Within the lines below, the span from the line with "La Dirección de" to the line with "大理石貼りで高級感の漂う玄関", both ends included, is to be reproduced exactly, with pictures omitted.

INFORMATION GIVEN:
■ ■ ■ ■ ■ ■ ■
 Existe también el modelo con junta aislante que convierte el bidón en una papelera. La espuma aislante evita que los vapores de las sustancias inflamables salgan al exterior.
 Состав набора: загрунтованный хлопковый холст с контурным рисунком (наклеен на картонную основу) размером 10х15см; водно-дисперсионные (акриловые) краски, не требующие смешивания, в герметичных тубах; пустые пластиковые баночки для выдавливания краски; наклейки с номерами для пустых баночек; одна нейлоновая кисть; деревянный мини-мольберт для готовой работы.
■ ■ ■ ■ ■ ■ ■
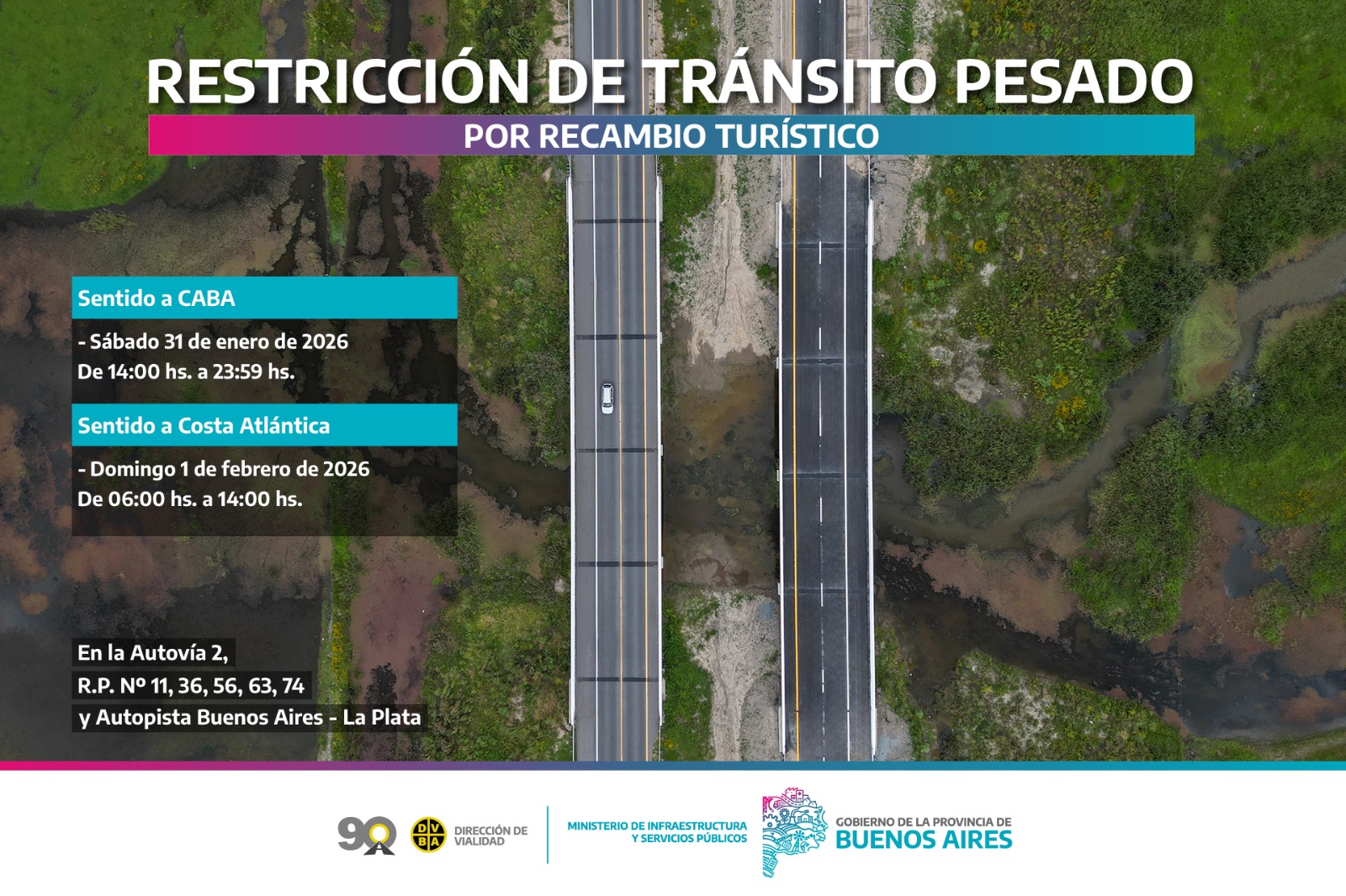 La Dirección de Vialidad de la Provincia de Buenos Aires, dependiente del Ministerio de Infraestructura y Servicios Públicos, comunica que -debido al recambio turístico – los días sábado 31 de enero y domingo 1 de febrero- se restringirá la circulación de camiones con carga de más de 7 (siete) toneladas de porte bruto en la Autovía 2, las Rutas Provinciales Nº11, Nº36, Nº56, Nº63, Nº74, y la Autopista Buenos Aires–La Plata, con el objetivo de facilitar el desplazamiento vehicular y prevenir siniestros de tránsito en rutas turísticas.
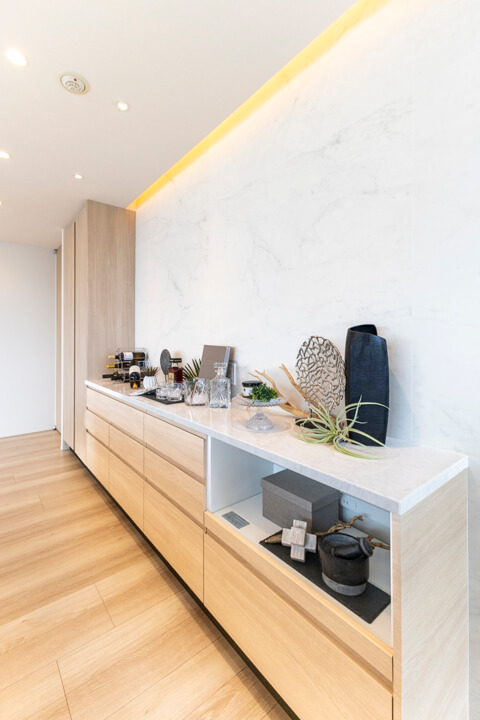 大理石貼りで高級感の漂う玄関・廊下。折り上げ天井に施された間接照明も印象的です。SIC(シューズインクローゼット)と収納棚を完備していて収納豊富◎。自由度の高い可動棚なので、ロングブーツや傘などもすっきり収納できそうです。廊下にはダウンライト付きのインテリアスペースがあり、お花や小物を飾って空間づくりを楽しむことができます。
■ ■ ■ ■ ■ ■ ■
OUTPUT BELOW:
 La Dirección de Vialidad de la Provincia de Buenos Aires, dependiente del Ministerio de Infraestructura y Servicios Públicos, comunica que -debido al recambio turístico – los días sábado 31 de enero y domingo 1 de febrero- se restringirá la circulación de camiones con carga de más de 7 (siete) toneladas de porte bruto en la Autovía 2, las Rutas Provinciales Nº11, Nº36, Nº56, Nº63, Nº74, y la Autopista Buenos Aires–La Plata, con el objetivo de facilitar el desplazamiento vehicular y prevenir siniestros de tránsito en rutas turísticas.
 大理石貼りで高級感の漂う玄関・廊下。折り上げ天井に施された間接照明も印象的です。SIC(シューズインクローゼット)と収納棚を完備していて収納豊富◎。自由度の高い可動棚なので、ロングブーツや傘などもすっきり収納できそうです。廊下にはダウンライト付きのインテリアスペースがあり、お花や小物を飾って空間づくりを楽しむことができます。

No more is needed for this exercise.